Entries shown »
==========
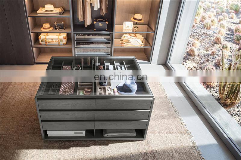 Master Bedroom Luxury Italian Design Walnut Wooden Wardrobe Closet Modular Walk-in Closet With Glass Door
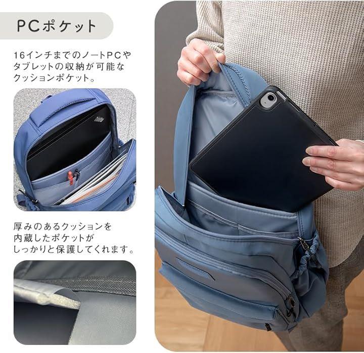 PCポケット 15インチまでのノートPCやタブレットの収納が可能なクッションポケット 厚みのあるクッションを内蔵したポケットが保護してくれます。
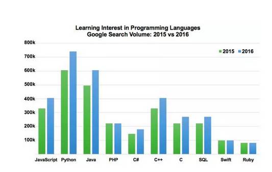 而根据谷歌去年的搜索数据,相比较2015年,用户在2016年里对Python的兴趣剧增,
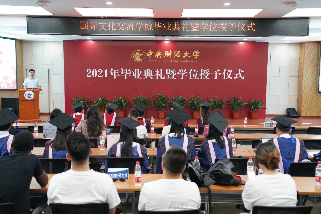 7月2日下午,国际文化交流学院2021年毕业典礼暨学位授予仪式在学院南路校区主教学楼114报告厅隆重举行。国际文化交流学院院长李春玲,副院长陈香,研究生指导教师原绍锋、王国庆、王艺璇等全院教职工,全体2021届毕业生和2020级研究生参加了本次毕业典礼。典礼由国际文化交流学院副院长张碘主持。
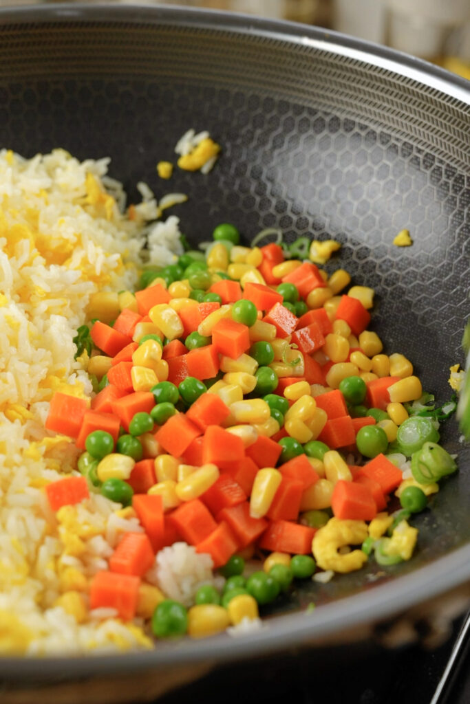 - Vegetables and seasoning: Push rice to one side. Add ½ tbsp oil, the white onion parts, and vegetables — stir-fry briefly, then combine with the rice. Pour soy sauce (and dark soy, if using) down the side of the hot wok, not onto the rice. Mix well, then add salt, white pepper, and bouillon or MSG. (Note 2)
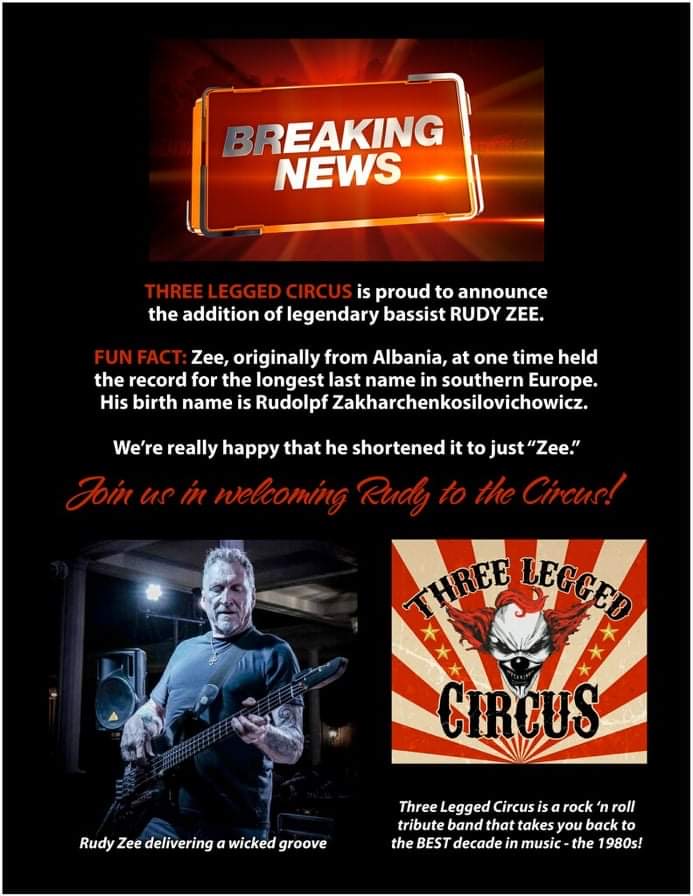 Three Legged Circus would like to wish Gary Miller and Rudy Z best wishes in their future endeavors and thank them for their contributions.
==========
Description of the task » What you write should match the entries exactly, except that the pictures are dropped.

Response to this task »
 Master Bedroom Luxury Italian Design Walnut Wooden Wardrobe Closet Modular Walk-in Closet With Glass Door
 PCポケット 15インチまでのノートPCやタブレットの収納が可能なクッションポケット 厚みのあるクッションを内蔵したポケットが保護してくれます。
 而根据谷歌去年的搜索数据,相比较2015年,用户在2016年里对Python的兴趣剧增,
 7月2日下午,国际文化交流学院2021年毕业典礼暨学位授予仪式在学院南路校区主教学楼114报告厅隆重举行。国际文化交流学院院长李春玲,副院长陈香,研究生指导教师原绍锋、王国庆、王艺璇等全院教职工,全体2021届毕业生和2020级研究生参加了本次毕业典礼。典礼由国际文化交流学院副院长张碘主持。
 - Vegetables and seasoning: Push rice to one side. Add ½ tbsp oil, the white onion parts, and vegetables — stir-fry briefly, then combine with the rice. Pour soy sauce (and dark soy, if using) down the side of the hot wok, not onto the rice. Mix well, then add salt, white pepper, and bouillon or MSG. (Note 2)
 Three Legged Circus would like to wish Gary Miller and Rudy Z best wishes in their future endeavors and thank them for their contributions.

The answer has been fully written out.